More surprising was the discovery that the APC/C is expressed and remains active in differentiated vertebrate cells, such as neuron(Gieffers et al., 1999). Unexpected neurobiological functions orchestrated by APC/C^CDH1 have since been deciphered, ranging from axon growth, neuronal survival and synaptic functions (reviewed by Kim and Bonni, 2007). Thus, SnoN, a co-transcriptional repressor of the TGFβ signaling pathway, which is involved in elongation of neuron axons in developing cerebellum, is a target of APC/C^CDH1(Stroschein et al., 2001; Wan et al., 2001; Stegmüller et al., 2006). Another transcriptional regulator targeted in a Dbox-dependent manner by neuronal APC^CDH1 is the helix-loop-helix protein Id2 (inhibitor of DNA binding 2) (Lasorella et al.,2006). Finally, APC^CDH1 regulates synaptic function through the Dbox-containing substrate Liprin-α in flies(van Roessel et al., 2004). A postsynaptic role for the APC/C in the restriction of glutamate receptor abundance has also been described in worm(Juo and Kaplan, 2004). However, despite these recent findings, the number of identified APC/C substrates in differentiated cells remains limited and the regulation of its activity, beyond cell division, is still poorly described.

In the model plant Arabidopsis thaliana, single-copy genes encode counterparts of all known vertebrate APC/C subunits, except for APC3/CDC27(Capron et al., 2003a). Nine APC/C activators have also been identified: six CDC20 and three CCS52/CDH1 isoforms. Several reports support a role for plant APC/C in the regulation of the cell cycle. Thus, mitotic cyclins are degraded in a Dbox-dependent manner(Genschik et al., 1998) and their degradation is required for the reorganization of mitotic microtubules to the phragmoplast and for proper cytokinesis(Weingartner et al., 2004). Furthermore, Arabidopsis apc2(Capron et al., 2003b), apc6/NOMEGA (Kwee and Sundaresan,2003) loss-of-function mutants are impaired in megagametogenesis after the first mitotic division. In addition, in Medicago species,CDH1-type activators are involved in endoreduplication, a modified cell cycle during which DNA continues to be duplicated in the absence of mitosis(Cebolla et al., 1999; Vinardell et al., 2003). Finally, the removal of CDC27B/HBT APC/C subunit in Arabidopsis root or leaf sectors revealed defects in both cell division and endoreduplication(Serralbo et al., 2006).
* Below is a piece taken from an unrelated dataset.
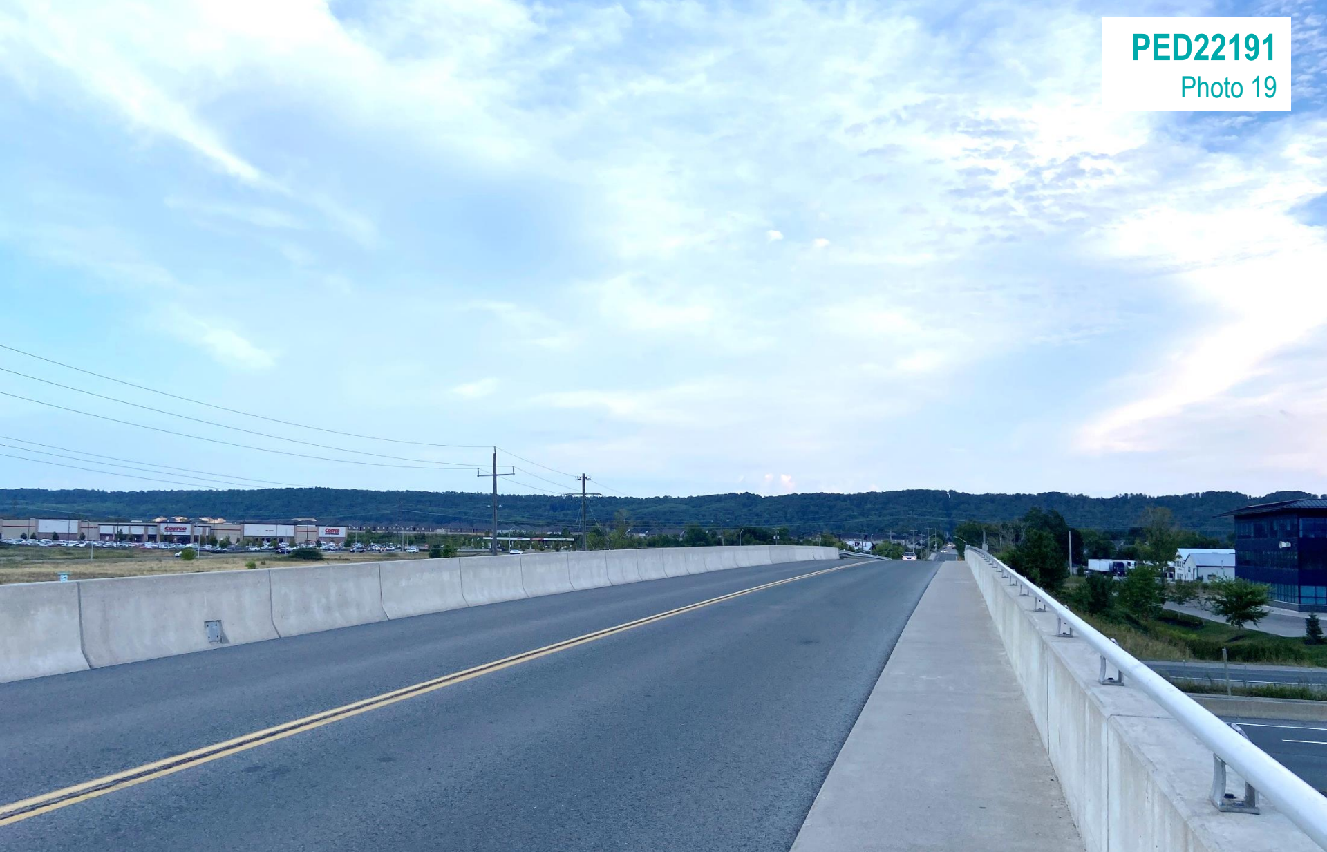
View looking south on Winona Road bridge

Here, we have used two different cyclin reporter constructs to probe APC/C E3 ligase activity during plant development and particularly in various differentiated cell types. Strikingly, we found that the APC/C remains active in most post-mitotic cells. Second, we engineered different APC/C hypomorphic Arabidopsis transgenic lines and found that a reduction in the activity of this E3 ligase leads to multiple developmental abnormalities. Among them, the cellular organization of the inflorescence stems revealed increased amounts of vascular tissues.

The N-terminal mitotic cyclin domains used in this report have been described previously (Genschik et al.,1998). The fragments carrying the coding regions of tobacco cyclins with native or mutated Dbox motifs were cloned into pBluescript II SK⁺ (Stratagene) vector in frame with the β-Glucuronidase(GUS)-coding sequence. Subsequently, the BamHI-SacI fragments were subcloned into the binary pBI121.1 vector (Clontech), replacing the GUS reporter gene.

Fragments of 323 bp (nucleotides 191 to 514) from the APC10-coding sequence and of 456 bp (nucleotides 1046 to 1502) from the APC6-coding sequence were cloned into the pB2GW7 [described by Karimi et al.(Karimi et al., 2002)] to generate the 35S::APC10 and the 35S::APC6 co-suppression constructs,respectively.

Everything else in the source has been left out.